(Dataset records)
::::::::

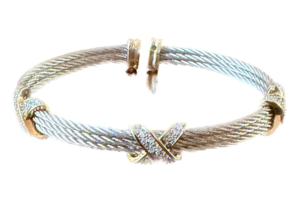 Cable Cuff Bracelets with Pavé "X" design
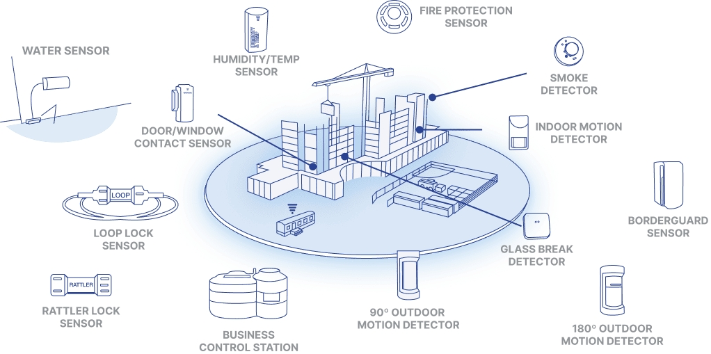 Your comprehensive security fortress is designed to safeguard your entire site instantly from threats like theft, fire, and water damage. With ambush-proof technology, a vast 2,000-foot wireless range, and the capability to monitor up to 450 sensors & 50 signal boosters, this all-in-one portable security system is unparalleled in its protection, covering a staggering 12 million square feet.
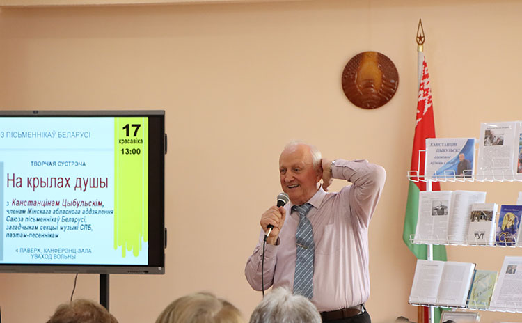 Цёпла, лірычна, узнёсла ў Слуцкай раённай цэнтральнай бібліятэцы прайшла творчая сустрэча з Канстанцінам Цыбульскім, членам Саюза пісьменнікаў Беларусі, кіраўніком секцыі музыкі СПБ.
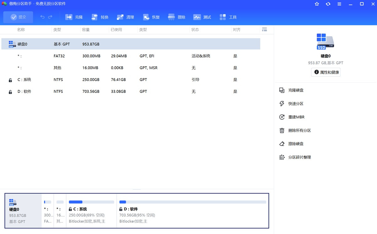 步骤5、现在你可以点击软件主界面左上角的【提交】预览要进行的操作,确认无误后,点击【执行】等待完成即可。
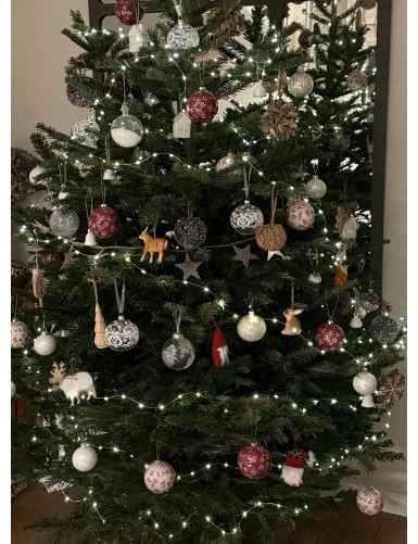 GLÄNZENDE SCHAUMSTOFFKUGELN TANNE (Weihnachtsbaum) GRÜN/WEISS (24er-Packung), bestehend aus 12 grünen und 12 weißen Kugeln, mit einer silberfarbenen Klammer und einem Juteband zum Aufhängen.
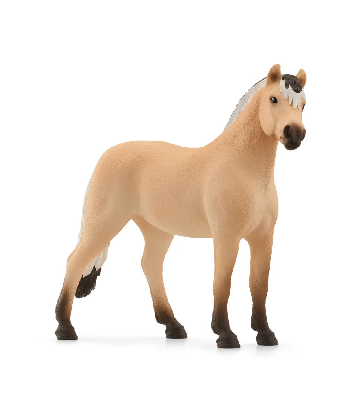 El robusto caballo fiordo examina su entorno con mirada atenta. Levanta sus pequeñas y puntiagudas orejas y escucha atentamente. Puede que tenga visita. Inclina la cabeza pensativo. No, no era eso, solo era el viento que hacía crujir las hojas. Qué pena, porque a este sociable caballo con la característica línea de anguila en el lomo y la crin de dos colores le encanta tener compañía. A lo mejor se acerca trotando a la yegua fiordo (disponible por separado).
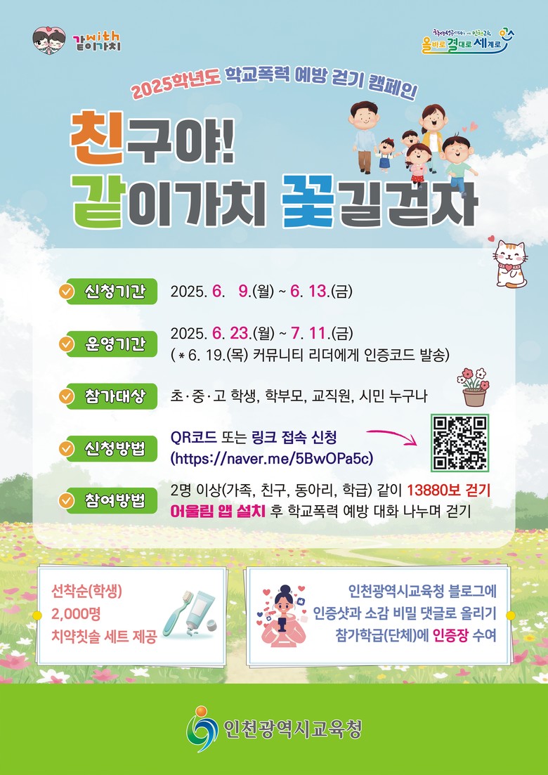 인천시교육청은 이번 캠페인에 이어 하반기에는 ‘같이가치 단풍길 걷자’ 캠페인을 운영해 학교폭력 예방 문화를 지속 확산할 계획이다.
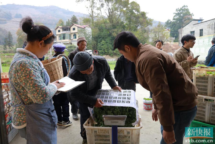 村民正在称重、打包豌豆尖。
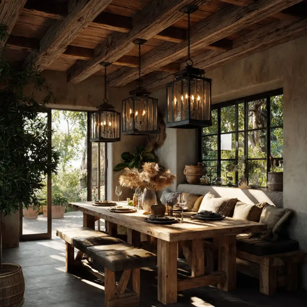Lantern-style lighting adds character and warmth to the dining space. The soft light feels cozy and nostalgic. Wooden beams and natural textures complement the lighting perfectly. Shadows from the lantern frames create beautiful patterns. This style feels warm and welcoming.
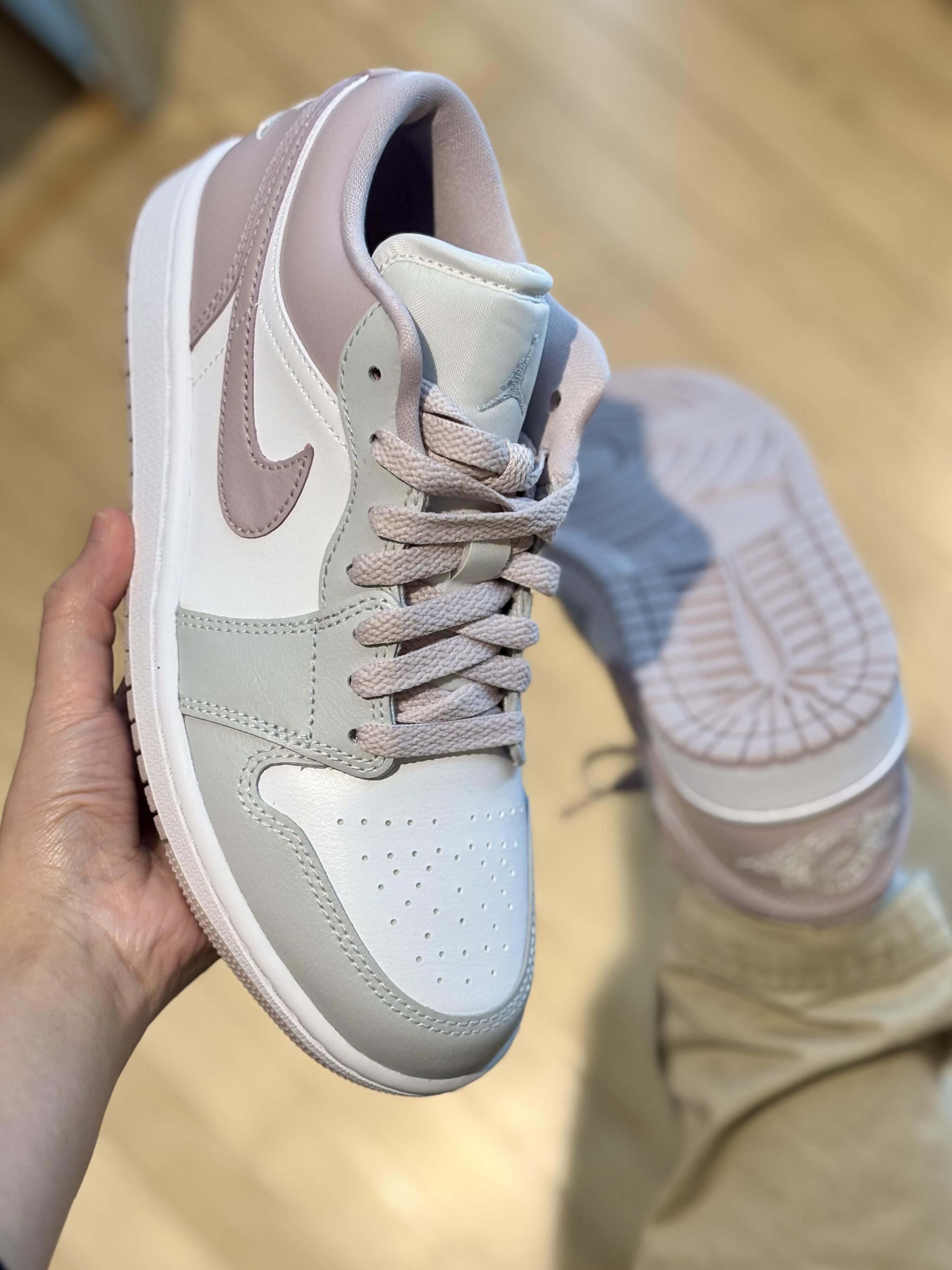 这双AJ1 Low真的把莫兰迪色系玩明白了 灰调藕紫搭配纯白鞋身,温柔到骨子里 低帮设计对小个子超友好 搭配卡其色工装裤,随性又不费力

::::::::

__Exercise description__
Every word of the data should be reproduced exactly; please omit any pictures.

__Response for this exercise__
 Cable Cuff Bracelets with Pavé "X" design
 Your comprehensive security fortress is designed to safeguard your entire site instantly from threats like theft, fire, and water damage. With ambush-proof technology, a vast 2,000-foot wireless range, and the capability to monitor up to 450 sensors & 50 signal boosters, this all-in-one portable security system is unparalleled in its protection, covering a staggering 12 million square feet.
 Цёпла, лірычна, узнёсла ў Слуцкай раённай цэнтральнай бібліятэцы прайшла творчая сустрэча з Канстанцінам Цыбульскім, членам Саюза пісьменнікаў Беларусі, кіраўніком секцыі музыкі СПБ.
 步骤5、现在你可以点击软件主界面左上角的【提交】预览要进行的操作,确认无误后,点击【执行】等待完成即可。
 GLÄNZENDE SCHAUMSTOFFKUGELN TANNE (Weihnachtsbaum) GRÜN/WEISS (24er-Packung), bestehend aus 12 grünen und 12 weißen Kugeln, mit einer silberfarbenen Klammer und einem Juteband zum Aufhängen.
 El robusto caballo fiordo examina su entorno con mirada atenta. Levanta sus pequeñas y puntiagudas orejas y escucha atentamente. Puede que tenga visita. Inclina la cabeza pensativo. No, no era eso, solo era el viento que hacía crujir las hojas. Qué pena, porque a este sociable caballo con la característica línea de anguila en el lomo y la crin de dos colores le encanta tener compañía. A lo mejor se acerca trotando a la yegua fiordo (disponible por separado).
 인천시교육청은 이번 캠페인에 이어 하반기에는 ‘같이가치 단풍길 걷자’ 캠페인을 운영해 학교폭력 예방 문화를 지속 확산할 계획이다.
 村民正在称重、打包豌豆尖。
Lantern-style lighting adds character and warmth to the dining space. The soft light feels cozy and nostalgic. Wooden beams and natural textures complement the lighting perfectly. Shadows from the lantern frames create beautiful patterns. This style feels warm and welcoming.
 这双AJ1 Low真的把莫兰迪色系玩明白了 灰调藕紫搭配纯白鞋身,温柔到骨子里 低帮设计对小个子超友好 搭配卡其色工装裤,随性又不费力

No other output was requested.